The link for this notice of violation of SEC rules is: http://www.amex.com/atamex/regulation/discipline/2007/SArensteinSBA_Decision_072007.pdf

On page 15 you will see details of how he managed to complete the theft. Below is the section, which does seem to indicate that you have failed to enforce your rules, or you have made rules that allow theft.

Now you have made alterations to that rule, and failed to implement them, thus allowing further deterioration of our securities market.

From the decision against Mr. Arenstein:
15.In an example of one type of such a transaction, Respondents executed a buy-write using a one-day FLEX option that had the effect of temporarily resetting the buy-in date. In the transaction, Respondents bought stock from another Exchange market maker (buy-write contra party) and simultaneously sold (wrote) one-day, deep in-the-money FLEX call options for a corresponding number of shares to the same market maker. Respondents' clearing firm reflected the transaction in Respondents' account on the clearing firm's books and records.

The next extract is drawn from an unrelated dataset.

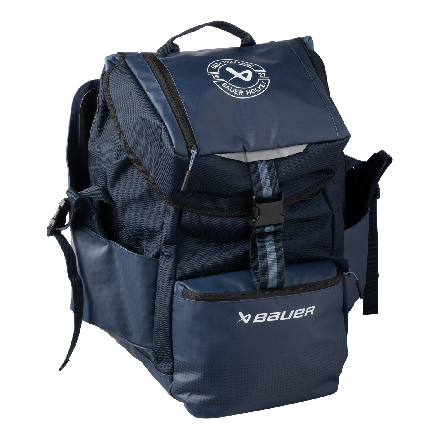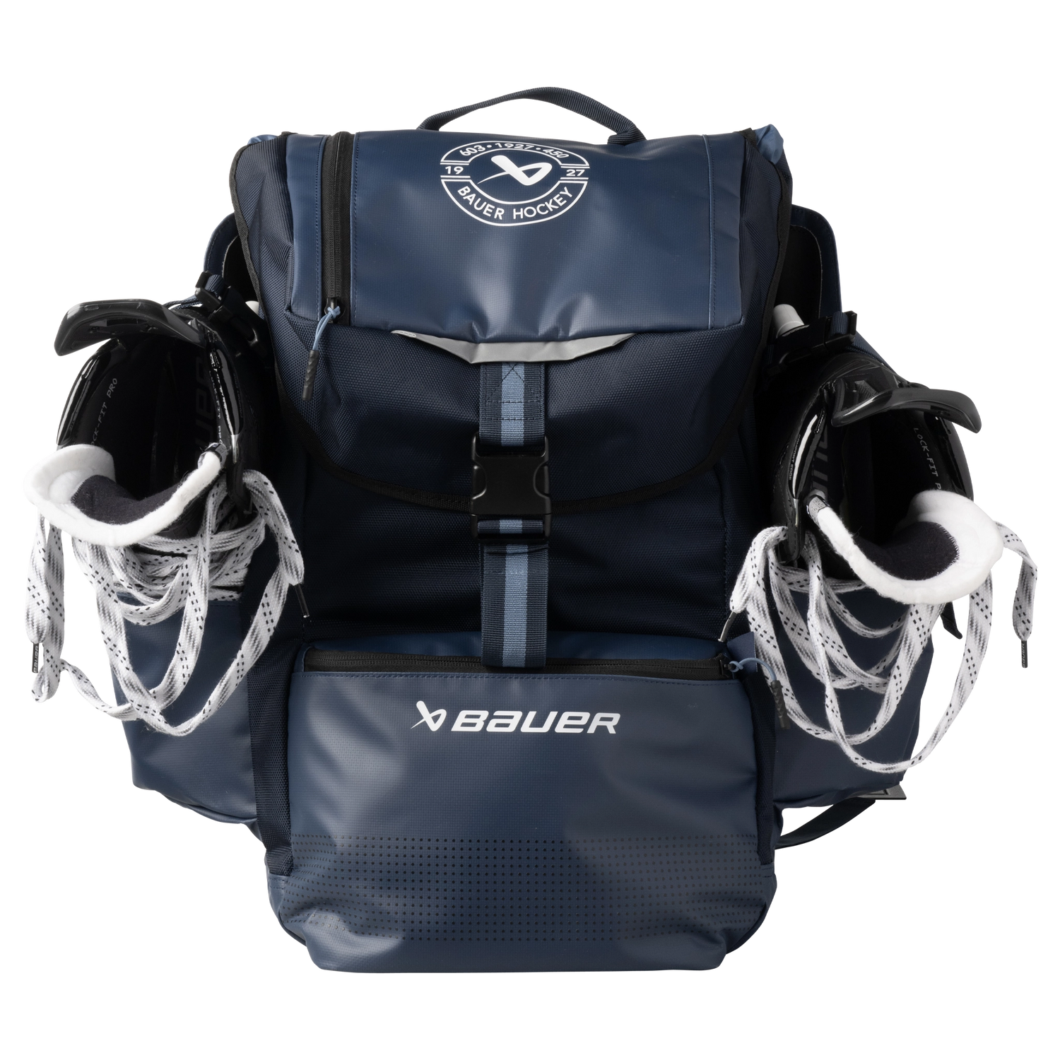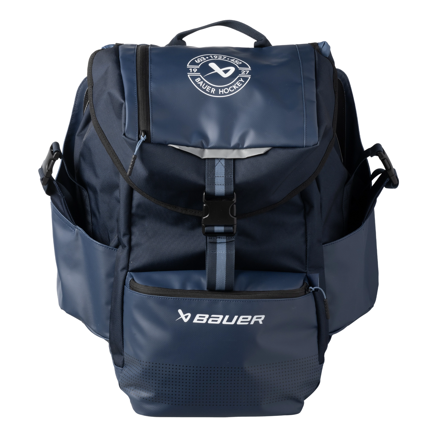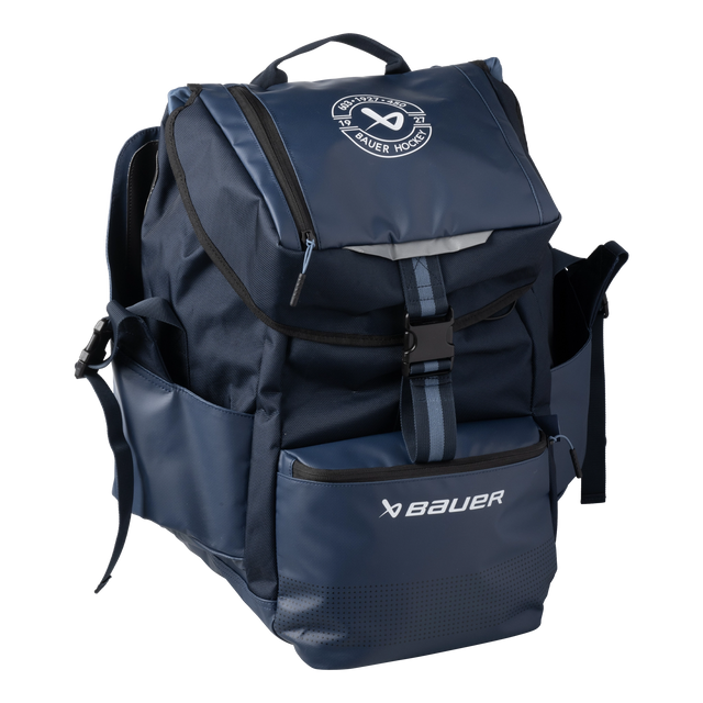 Pack for the perfect day on the pond with the BAUER Outdoor Rink Bag. External skate pockets and a helmet clasp make your gear easy to carry to and from the rink all winter long. A large main compartment also has plenty of room for everything from snacks to jackets, with internal organizers and small pockets for accessories and other rink-side essentials. When you finally step off the ice, a built-in bottle opener and cooler pocket make sure your post-game refreshments are ready to enjoy.
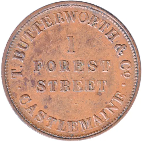 | Obverse lettering | T. BUTTERWORTH & Co. 1 FOREST STREET CASTLEMAINE |

Respondents utilized a variety of different types of transactions to circumvent their delivery obligations under Reg SHO. Examples of other types of transactions utilized by Respondents include, without limitation, married puts and two-day FLEX options.
A FLEX option is an exchange traded equity or index option, that enables an investor to specify within certain limits the terms of the options, such as exercise price, expiration date, exercise type, and settlement calculation.
Respondents generally bought stock from other market makers that were also selling short hard to borrow Reg SHO threshold securities and utilizing the market maker exemption from the Reg SHO locate requirements.
A deep-in-the-money call option is where the market price of a security is well above the strike price of the option.
Because the payment received by the other market maker is generally less than the interest payment that such market maker could have received by lending the same number of shares, Respondents should have been reasonably able to infer that such market maker selling stock within the buy-write transaction was also short stock.

16: The following day, the one-day FLEX call options expired in-the-money and Respondents, who wrote the FLEX call options, were assigned an exercise notice to deliver the stock. Respondents then used the purported long stock they had purchased in the buy-write the previous day, to satisfy this exercise notice. Respondents, however, had not received delivery of long stock from the buy-write contra party. Accordingly, shares were not delivered to close out the short position that was established during the initial reversal transaction. Based on the execution of the FLEX call option transactions, Respondents' clearing firm reset Respondents' Reg SHO close-our obligation to Day 1.
by setting the FLEX option to a one day option, it meant the option would expire the next day.
While Respondents appeared to have purchased stock on the books and records of Respondents' clearing firm, the counterparty to the buy-write did not deliver stock to Respondents.

17. Respondents repeatedly engage in these or other types of transactions after receiving a Reg SHO Buy-In Notification from their clearing firm and these transactions caused the buy-in date to be reset. These transactions were executed approximately every 13 settlement days until the options positions either expired or were closed out. This course of conduct enabled Respondents to maintain impermissible short positions in a number of Reg SHO threshold securities for extended periods of time.

I'm all for protecting the investor, not the manipulator.